The Octopus Museum

Published in 2019
96 pages

epub


Brenda Shaughnessy was born in Okinawa, Japan, in 1970 and grew up in Southern California. She received her B.A. in literature and women’s studies at the University of California, Santa Cruz, and she earned an M.F.A. at Columbia University.

She is the author of Human Dark with Sugar (2008), winner of the James Laughlin Award from the Academy of American Poets, and Interior with Sudden Joy (1999), which was nominated for the PEN/Joyce Osterweil Award for Poetry, a Lambda Literary Award, and the Norma Farber First Book Award. Her poems have appeared in Best American Poetry, Bomb, Boston Review, Conjunctions, McSweeney’s, The New Yorker, The Paris Review, The Yale Review, and elsewhere.

About her work, the poet Richard Howard writes: “The resonance of Shaughnessy’s poems is that of someone speaking out of an ecstasy and into an ecstasy, momentarily pausing to let us in on the fun, the pain.”
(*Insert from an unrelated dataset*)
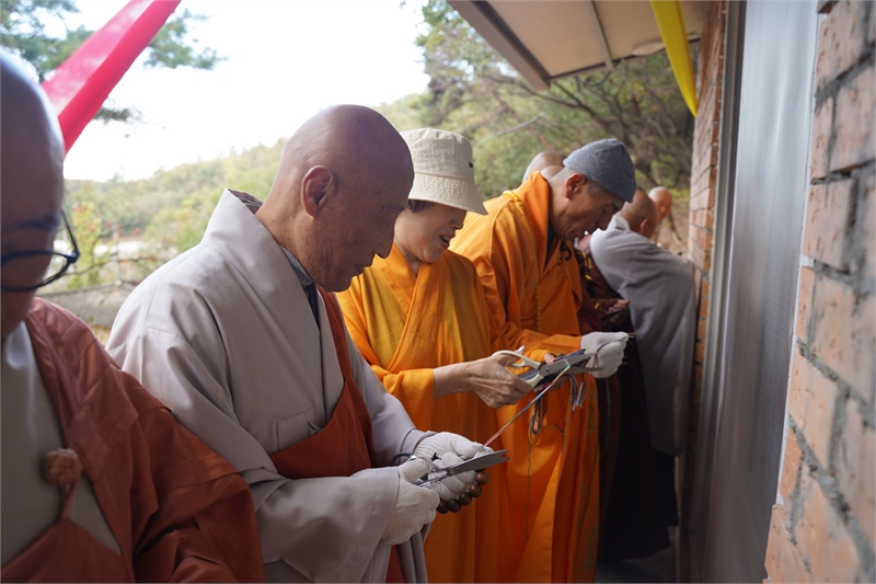 2일 천안 도광사에서 봉행된 삼성각 낙성식에서 대승고덕 스님들이 테이프 커팅을 하고 있다. 사진=WBM-TV
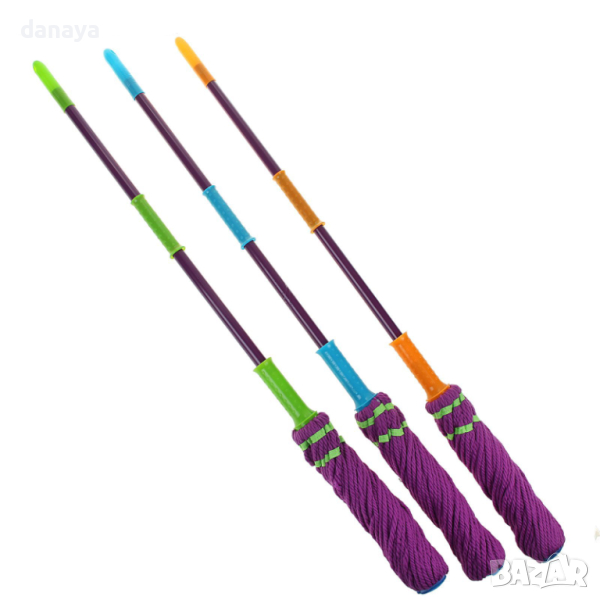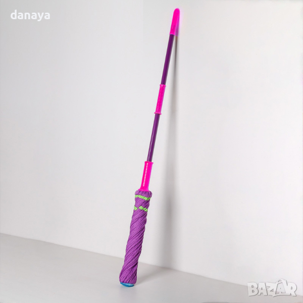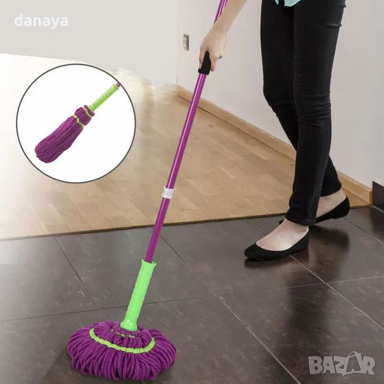 Микрофибърът абсорбира до три пъти повече вода от памука, което кара почистената повърхност да изсъхне много по-бързо. Удобен почистващ моп с дълга дръжка и въртяща се микрофибърна глава, лесен за използване, лесен за изцеждане.

Shaughnessy is the recipient of a Bunting Fellowship at the Radcliffe Institute for Advanced Study at Harvard University, and a Japan/U.S. Friendship Commission Artist Fellowship. She is the poetry editor at Tin House magazine and currently teaches creative writing at Princeton University and Eugene Lang College at the New School.

What is this book about?
This collection of bold and scathingly beautiful feminist poems imagines what comes after our current age of environmental destruction, racism, sexism, and divisive politics.

Informed by Brenda Shaughnessy’s craft as a poet and her worst fears as a mother, the poems in The Octopus Museum blaze forth from her pen: in these pages, we see that what was once a generalized fear for our children (car accidents, falling from a tree) is now hyper-reasonable, specific, and multiple: school shootings, nuclear attack, loss of health care, a polluted planet. As Shaughnessy conjures our potential future, she movingly (and often with humor) envisions an age where cephalopods might rule over humankind, a fate she suggests we may just deserve after destroying their oceans. These heartbreaking, terrified poems are the battle cry of a woman who is fighting for the survival of the world she loves, and a stirring exhibition of who we are as a civilization.